> Activity:
Please reproduce the entries exactly as they appear below, but not the pictures.

> Input material:
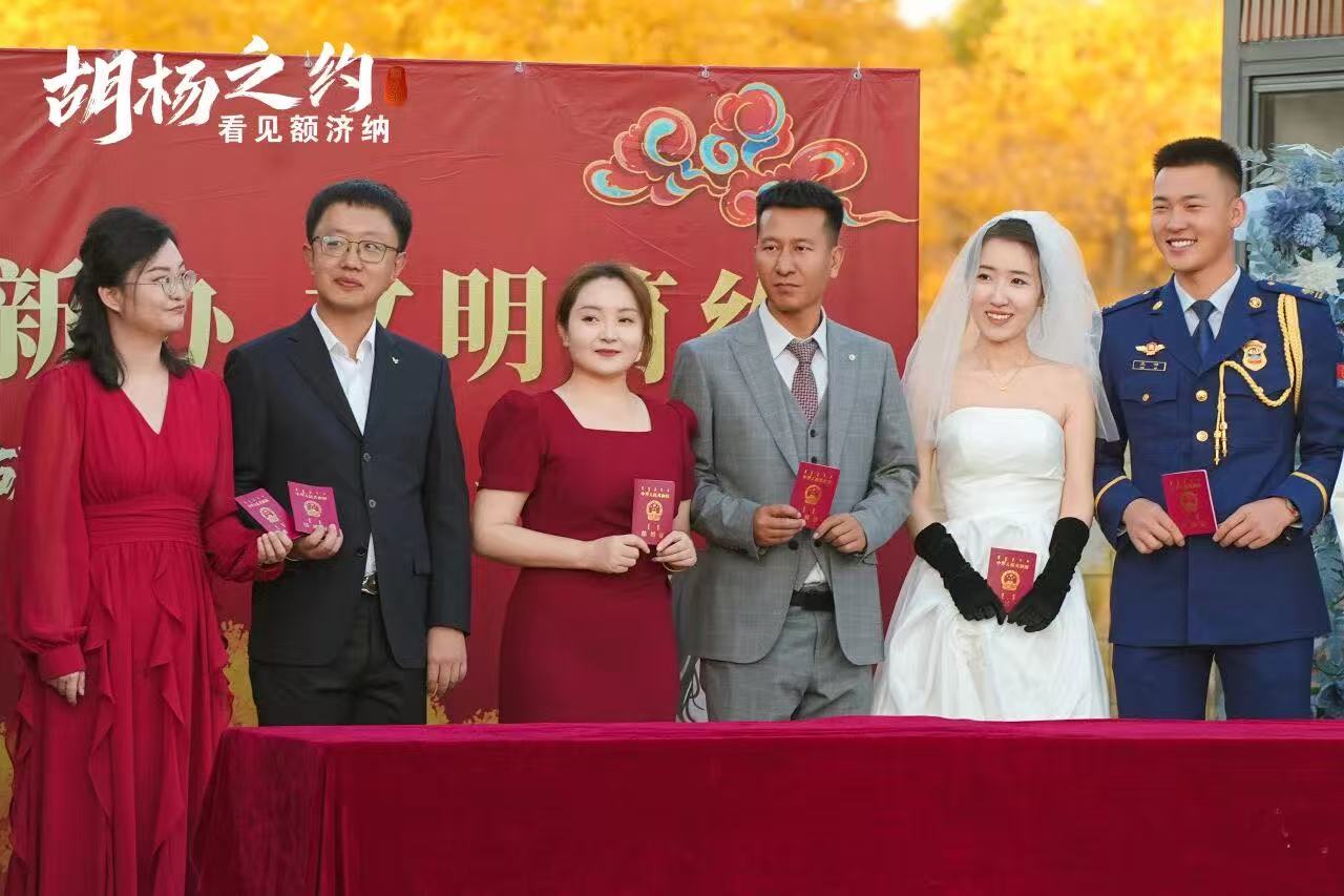 数量:101对2025年10月2日由额济纳旗文化旅游广电局、内蒙古广电传媒有限责任公司组织的“千年胡杨 百年姻缘集体婚礼大型主题活动”在内蒙古自治区阿拉善盟额济纳胡杨林旅游区举行,现场101对新人参与此次活动。
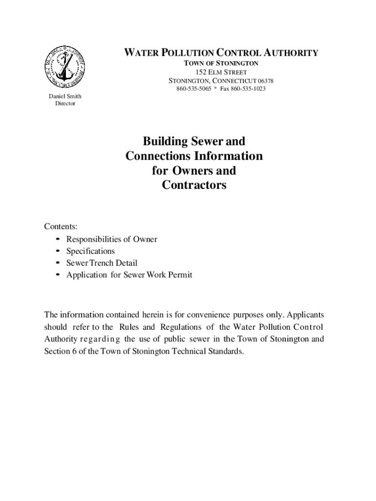WATER POLLUTION CONTROL AUTHORITY TOWN OF STANNINGTON 152 ELM STREET STANNINGTON, CONNECTICUT 06378 8605355065 * Fax 8605351023 Daniel Smith DirectorBuilding Sewer and Connections Information for
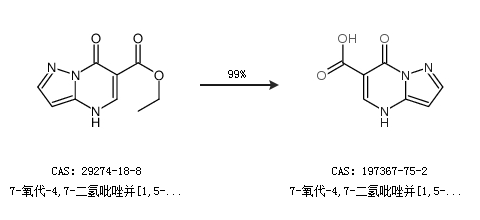 1.通过7-氧代-4,7-二氢吡唑并[1,5-a]嘧啶-6-羧酸乙酯合成7-氧代-4,7-二氢吡唑并[1,5-a]嘧啶-6-羧酸,收率约99%;
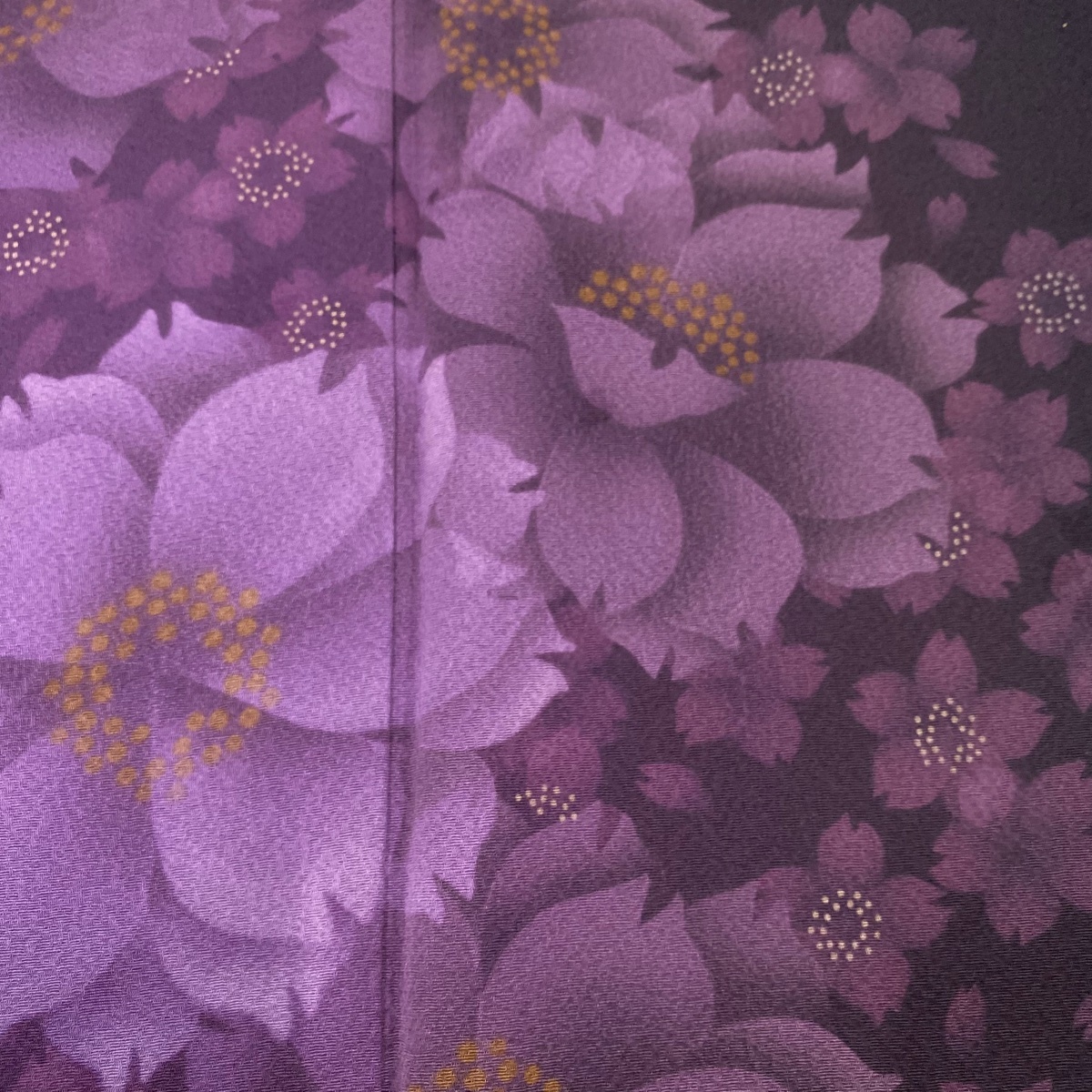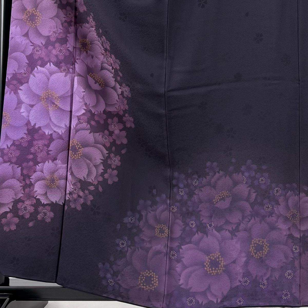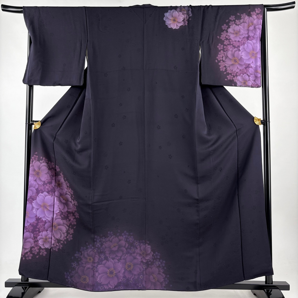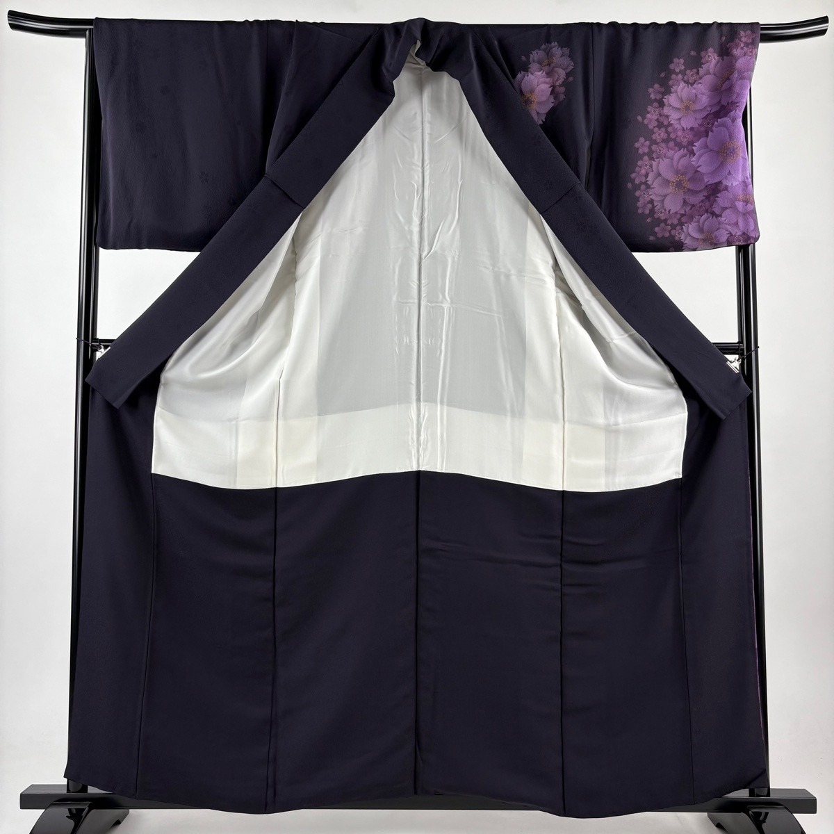| 付下げ 秀品 桜 地紋 墨色 袷 身丈159 裄丈65.5 M 正絹 【中古】 |
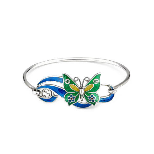 GUCCI/古驰 22春夏新款 925纯银饰互扣式钩扣双G绿蓝黄三色珐琅蝴蝶蓝色手镯679875J84108521
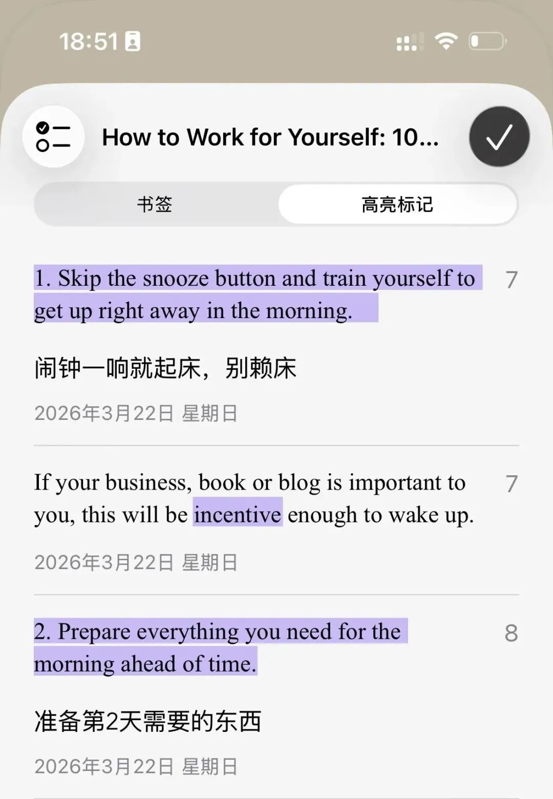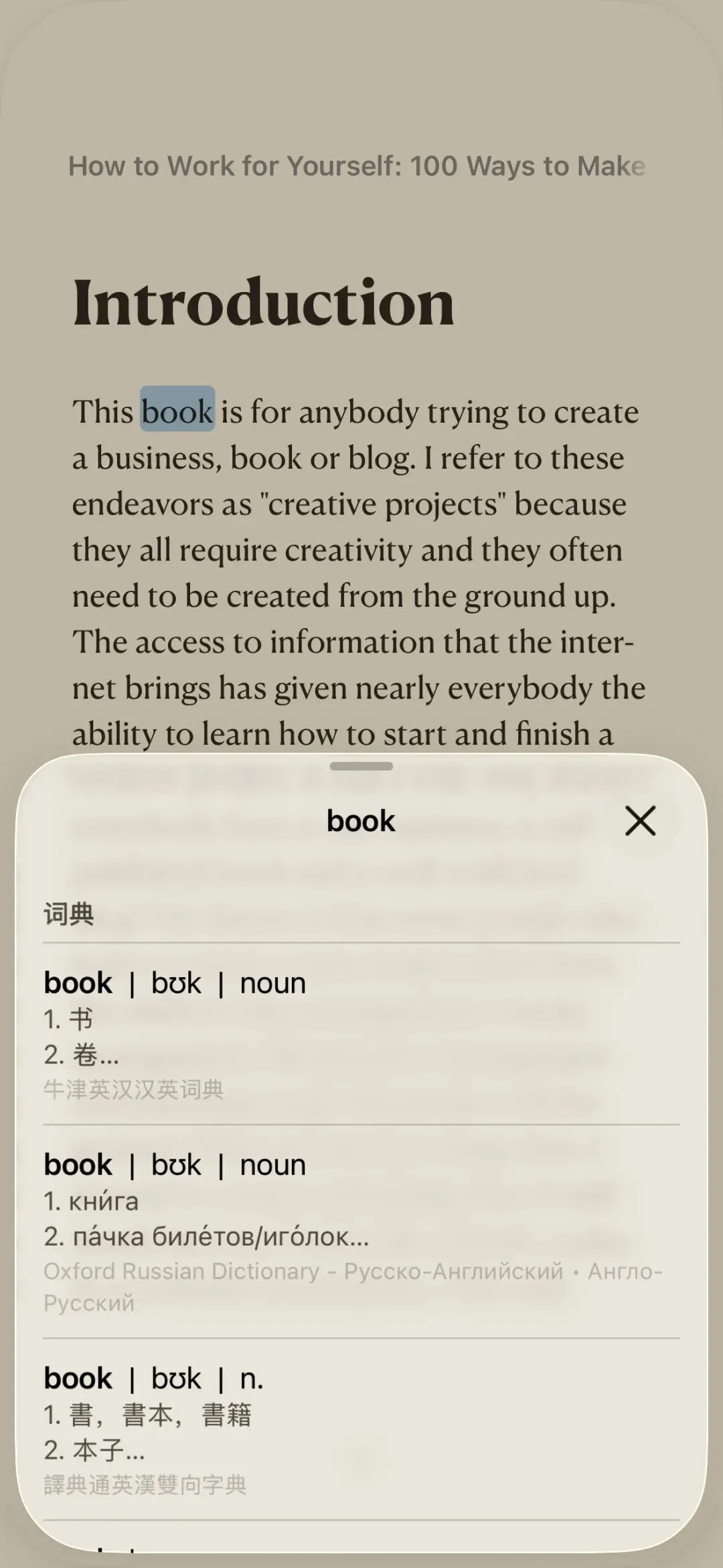 对于学英语这件事,我犹豫了好久。一方面现在AI这么好用,一本几百页的pdf,它都分分钟给你翻译成汉语。还有必要学英语吗?另一方面,自己人到中年,也学不动了。学它干嘛?工作上也用不上。不过后来听说学一门外语,在不同语境中切换,对大脑的效果等同于打麻将,可以有效预防老年痴呆。emm,那我就再“努力”一下吧。作为一个懒人,并且还很抠,我发现手机上这款自带app,倒是能让人无痛学英语。这个app就是“图书”,这么宝藏好用,原来还真是忽略了它。使用方法:首先,在网站上下载英文原著,用“图书”打开,这样就直接导入了。已经导入的书在下方的“书库”即可查看。如果遇到生词,由于手机自带词典,长按住生词,就可以查询了。选中一整段,还可以在线翻译。所以阅读时候没在怕的。由于我自己本来学俄语的,所以我设置了英俄字典,在看英语什么意思的时候,还能顺便扫一眼用俄语怎么表达。词典顺序的设置在“设置”里。遇到不错的句子也可以保存下来。我一开始生词和金句都是用一样的颜色。后期习惯用不同的颜色,这样回看的时候,能很快找到自己要的信息。铛铛,我就这样无痛一周看完一本英文原著啦。还有一个额外的Tips:“图书”app上其实有很多外文书可以直接购买的,但是没有对中国ID开放。如果你能注册海外ID,就可以在上面购买有声书了。可以手机使用国内ID,图书单独使用海外ID,互不影响。我用原来国外的手机号注册了一个海外ID,不过由于没有海外银行卡,不能直接买书。关于这一点也有解决办法。可以在“闲鱼”上买充值卡,然后在“图书”的个人账户充值,这样就可以买书了。我第一本看的《How to work for yourself》。现在看的第二本是《The Snowball》,都是晚上看文字版,第二天早上听语音版。为了让体验更无痛一点,我设置了自动播放。时间设置在起床闹钟之后10min,它会自动打开,播放。手机的“快捷指令”也是个好东西,这个我下次说。虽然不知道为什么要学英语,但是真看完一本书,还是比较有成就感的。可能这就是我比较喜欢的一心二用。既然本身要看书,为什么不看英语书呢?信息也获取了,英语也学了。一点小分享。如果你有什么好用的app,也请留言推荐给我呀!
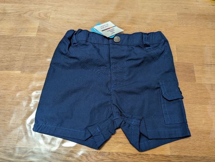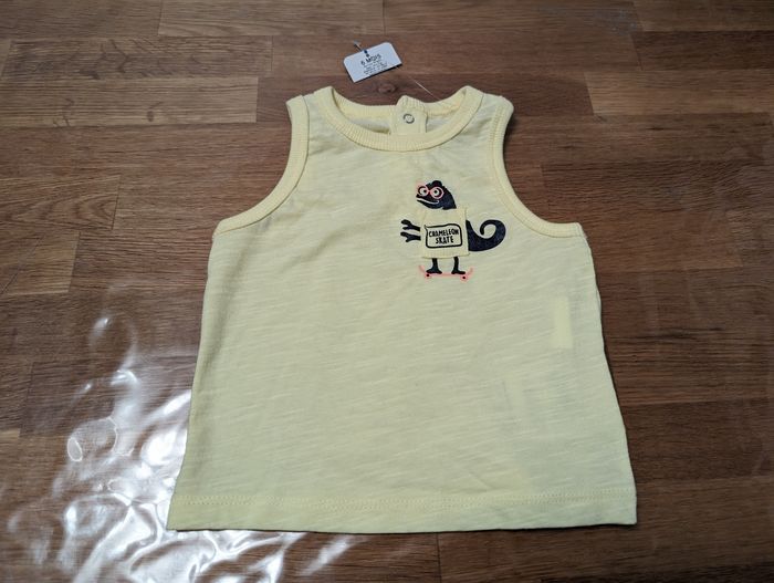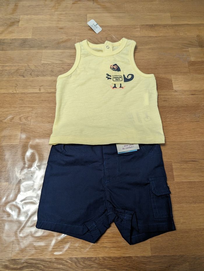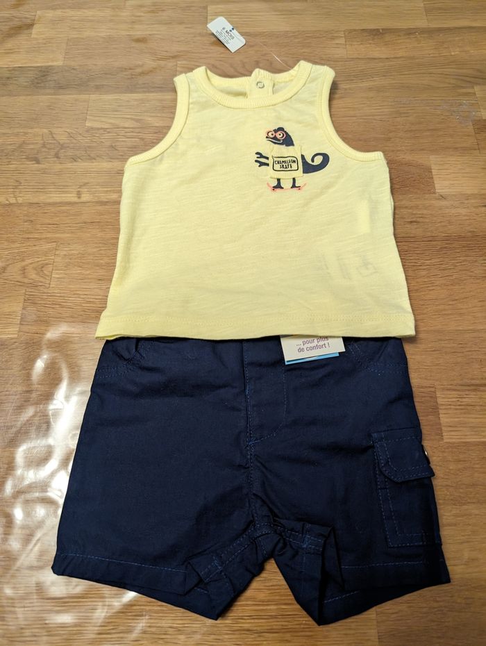 Ensemble garçon 6 mois Bébé rêve Neuf avec étiquette Short bleu marine, ceinture ajustable T-shirt sans manches jaune 100% coton
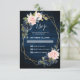 Carte de réponse de mariage géométrique florale bleu marine foncé avec un élégant bouquet de bleu marine, bleu roi, blanc, rose carmin et feuilles d'eucalyptus vert sauge et un cadre géométrique neutre avec paillettes élégantes. N'hésitez pas à me contacter pour toute aide de personnalisation ou si vous avez besoin d'un autre produit avec ce design.
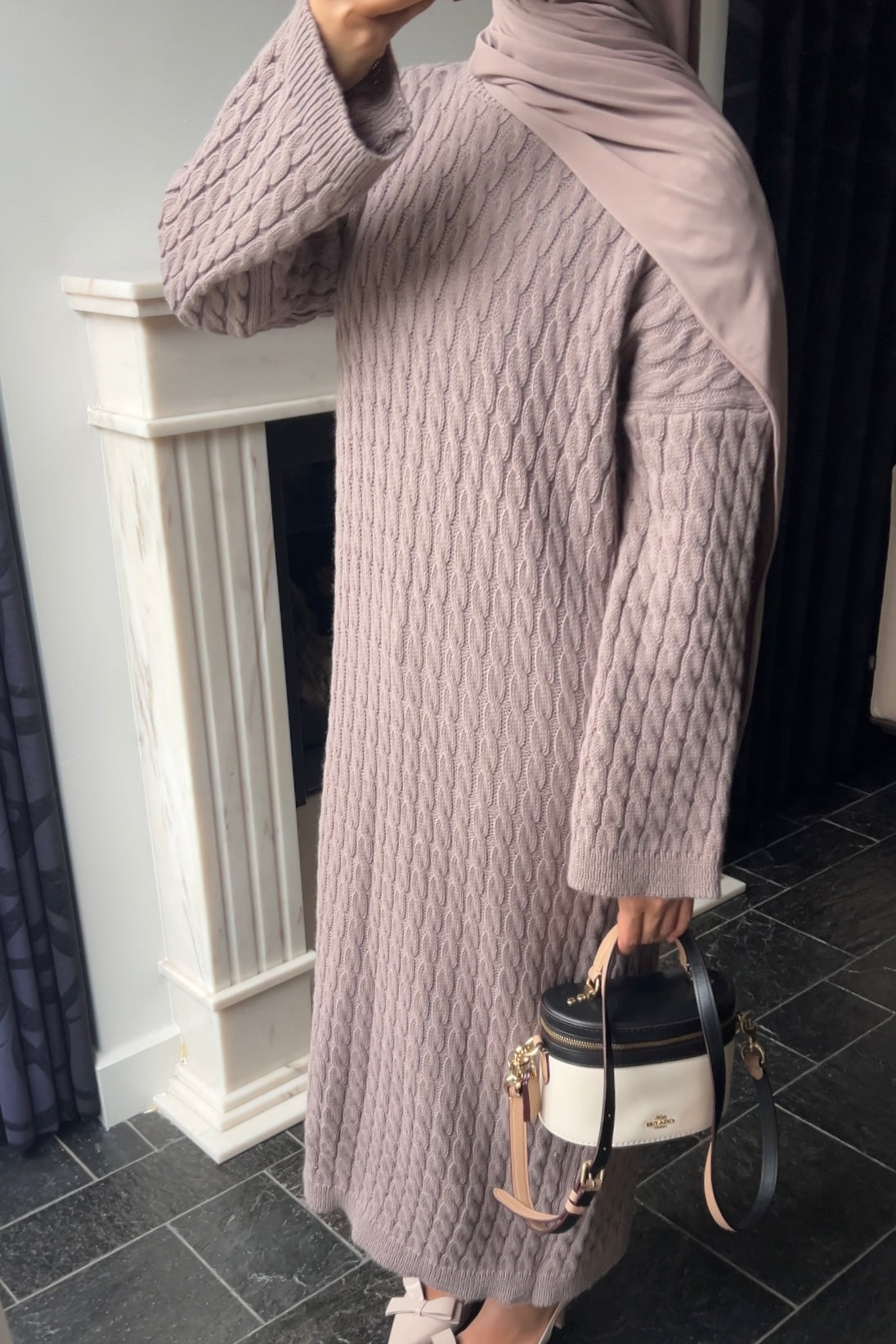 TAUPE CABLE DRESS

> Reply:
 数量:101对2025年10月2日由额济纳旗文化旅游广电局、内蒙古广电传媒有限责任公司组织的“千年胡杨 百年姻缘集体婚礼大型主题活动”在内蒙古自治区阿拉善盟额济纳胡杨林旅游区举行,现场101对新人参与此次活动。
WATER POLLUTION CONTROL AUTHORITY TOWN OF STANNINGTON 152 ELM STREET STANNINGTON, CONNECTICUT 06378 8605355065 * Fax 8605351023 Daniel Smith DirectorBuilding Sewer and Connections Information for
 1.通过7-氧代-4,7-二氢吡唑并[1,5-a]嘧啶-6-羧酸乙酯合成7-氧代-4,7-二氢吡唑并[1,5-a]嘧啶-6-羧酸,收率约99%;
| 付下げ 秀品 桜 地紋 墨色 袷 身丈159 裄丈65.5 M 正絹 【中古】 |
 GUCCI/古驰 22春夏新款 925纯银饰互扣式钩扣双G绿蓝黄三色珐琅蝴蝶蓝色手镯679875J84108521
 对于学英语这件事,我犹豫了好久。一方面现在AI这么好用,一本几百页的pdf,它都分分钟给你翻译成汉语。还有必要学英语吗?另一方面,自己人到中年,也学不动了。学它干嘛?工作上也用不上。不过后来听说学一门外语,在不同语境中切换,对大脑的效果等同于打麻将,可以有效预防老年痴呆。emm,那我就再“努力”一下吧。作为一个懒人,并且还很抠,我发现手机上这款自带app,倒是能让人无痛学英语。这个app就是“图书”,这么宝藏好用,原来还真是忽略了它。使用方法:首先,在网站上下载英文原著,用“图书”打开,这样就直接导入了。已经导入的书在下方的“书库”即可查看。如果遇到生词,由于手机自带词典,长按住生词,就可以查询了。选中一整段,还可以在线翻译。所以阅读时候没在怕的。由于我自己本来学俄语的,所以我设置了英俄字典,在看英语什么意思的时候,还能顺便扫一眼用俄语怎么表达。词典顺序的设置在“设置”里。遇到不错的句子也可以保存下来。我一开始生词和金句都是用一样的颜色。后期习惯用不同的颜色,这样回看的时候,能很快找到自己要的信息。铛铛,我就这样无痛一周看完一本英文原著啦。还有一个额外的Tips:“图书”app上其实有很多外文书可以直接购买的,但是没有对中国ID开放。如果你能注册海外ID,就可以在上面购买有声书了。可以手机使用国内ID,图书单独使用海外ID,互不影响。我用原来国外的手机号注册了一个海外ID,不过由于没有海外银行卡,不能直接买书。关于这一点也有解决办法。可以在“闲鱼”上买充值卡,然后在“图书”的个人账户充值,这样就可以买书了。我第一本看的《How to work for yourself》。现在看的第二本是《The Snowball》,都是晚上看文字版,第二天早上听语音版。为了让体验更无痛一点,我设置了自动播放。时间设置在起床闹钟之后10min,它会自动打开,播放。手机的“快捷指令”也是个好东西,这个我下次说。虽然不知道为什么要学英语,但是真看完一本书,还是比较有成就感的。可能这就是我比较喜欢的一心二用。既然本身要看书,为什么不看英语书呢?信息也获取了,英语也学了。一点小分享。如果你有什么好用的app,也请留言推荐给我呀!
 Ensemble garçon 6 mois Bébé rêve Neuf avec étiquette Short bleu marine, ceinture ajustable T-shirt sans manches jaune 100% coton
 Carte de réponse de mariage géométrique florale bleu marine foncé avec un élégant bouquet de bleu marine, bleu roi, blanc, rose carmin et feuilles d'eucalyptus vert sauge et un cadre géométrique neutre avec paillettes élégantes. N'hésitez pas à me contacter pour toute aide de personnalisation ou si vous avez besoin d'un autre produit avec ce design.
 TAUPE CABLE DRESS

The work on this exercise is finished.